RHL glibc is compiled with -march=i686 actually, and there are not
many instructions other than those enabled by -mfpmath=sse
which would the compiler generate for normal code with -march=pentiumiii
and not -march=i686 (the only difference is scheduling and to my knowledge
the difference is not very big between i686 and PIII).
-mfpmath=sse is not usable for libm, because glibc on IA-32 relies
on extended precision in several places.
Scheduling difference between P4 and i686 is bigger, but I don't think
that code runs that well on Athlons.

> Another point is that there is no such thing like low-level glibc
> functions for the P4 and the Athlon.  The highest targetted
> processor is the PIII.  However documents in AMD's web site show
> that moving data (ie memcpy and friends) can be made several times
> faster if using 3DNow instructions and data prefetching, I gave only
> a cursory glance to the assembler parts of glibc but it didn't look
> like those parts (targetting the PIII) would be even remotely ideal
> for the Athlon.  Same thing about the P4.

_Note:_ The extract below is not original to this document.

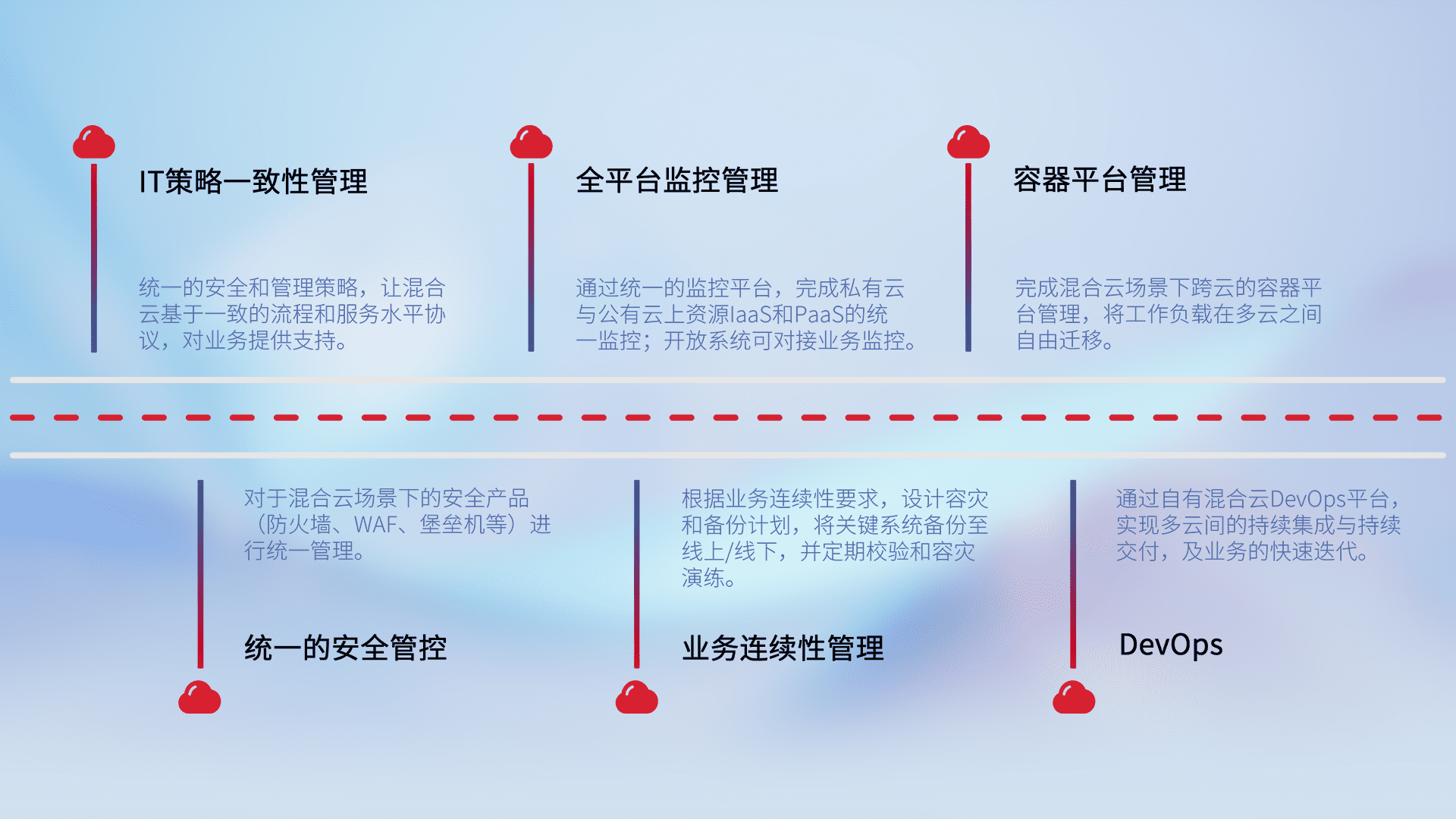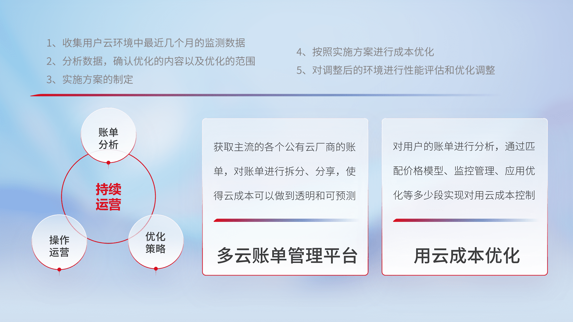 通过多云纳管,,,以统一的资源数据模型把客户的云资源进行抽象和封装,,,进而实现对多云资源的统一操作,,,保障云资源管理的可靠性、、、、稳定性与可用性。。。量身定制化运维内容,,配置、、开发运维、、补丁管理、、、备份、、监控、、认证和访问管理、、、、审计和日常巡检等,,,保障在用云过程中的可靠度,,,,稳定度以及高可用率。。。

Where have you seen PIII optimized assembly in glibc? AFAIK there is none.
P4/Athlon/PIII optimized stringops are certainly welcome (patches to
libc-alpha at sources.redhat.com), but bear in mind that any use of floating
point regs (SSE/SSE2/whatever) has quite a big price in lazy FPU saving
environment. Another thing to keep in mind is what are typical arguments
to these functions.

	Jakub